RECORDED DATA
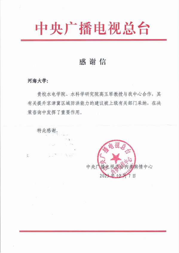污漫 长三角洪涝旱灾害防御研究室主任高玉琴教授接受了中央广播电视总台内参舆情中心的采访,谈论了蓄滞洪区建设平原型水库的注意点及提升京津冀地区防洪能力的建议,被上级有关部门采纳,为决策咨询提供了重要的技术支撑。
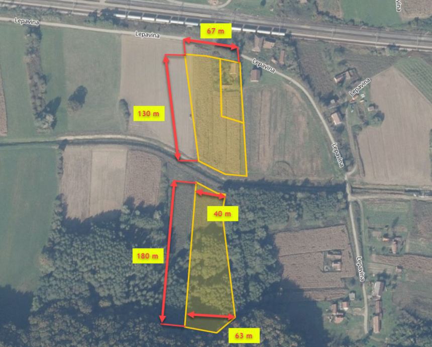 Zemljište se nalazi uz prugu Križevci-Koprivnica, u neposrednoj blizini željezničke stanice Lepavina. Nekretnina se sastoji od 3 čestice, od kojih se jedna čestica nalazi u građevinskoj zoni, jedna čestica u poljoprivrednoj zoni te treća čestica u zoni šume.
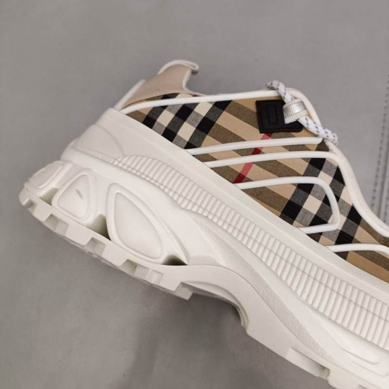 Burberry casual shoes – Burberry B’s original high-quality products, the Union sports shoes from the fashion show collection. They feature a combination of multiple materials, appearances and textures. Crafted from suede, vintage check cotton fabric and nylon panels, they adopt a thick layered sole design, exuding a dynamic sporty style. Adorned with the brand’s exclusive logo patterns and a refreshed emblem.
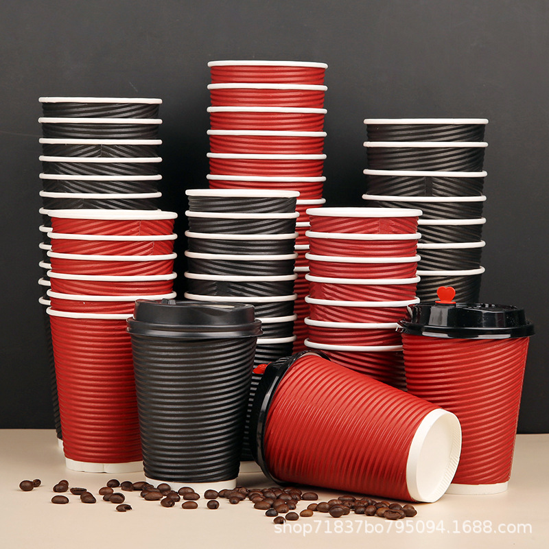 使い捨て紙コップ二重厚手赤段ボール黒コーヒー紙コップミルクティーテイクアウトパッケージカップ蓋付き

ASSIGNMENT
Word for word, retype the material above without its pictures.

EXERCISE ANSWER
污漫 长三角洪涝旱灾害防御研究室主任高玉琴教授接受了中央广播电视总台内参舆情中心的采访,谈论了蓄滞洪区建设平原型水库的注意点及提升京津冀地区防洪能力的建议,被上级有关部门采纳,为决策咨询提供了重要的技术支撑。
 Zemljište se nalazi uz prugu Križevci-Koprivnica, u neposrednoj blizini željezničke stanice Lepavina. Nekretnina se sastoji od 3 čestice, od kojih se jedna čestica nalazi u građevinskoj zoni, jedna čestica u poljoprivrednoj zoni te treća čestica u zoni šume.
 Burberry casual shoes – Burberry B’s original high-quality products, the Union sports shoes from the fashion show collection. They feature a combination of multiple materials, appearances and textures. Crafted from suede, vintage check cotton fabric and nylon panels, they adopt a thick layered sole design, exuding a dynamic sporty style. Adorned with the brand’s exclusive logo patterns and a refreshed emblem.
 使い捨て紙コップ二重厚手赤段ボール黒コーヒー紙コップミルクティーテイクアウトパッケージカップ蓋付き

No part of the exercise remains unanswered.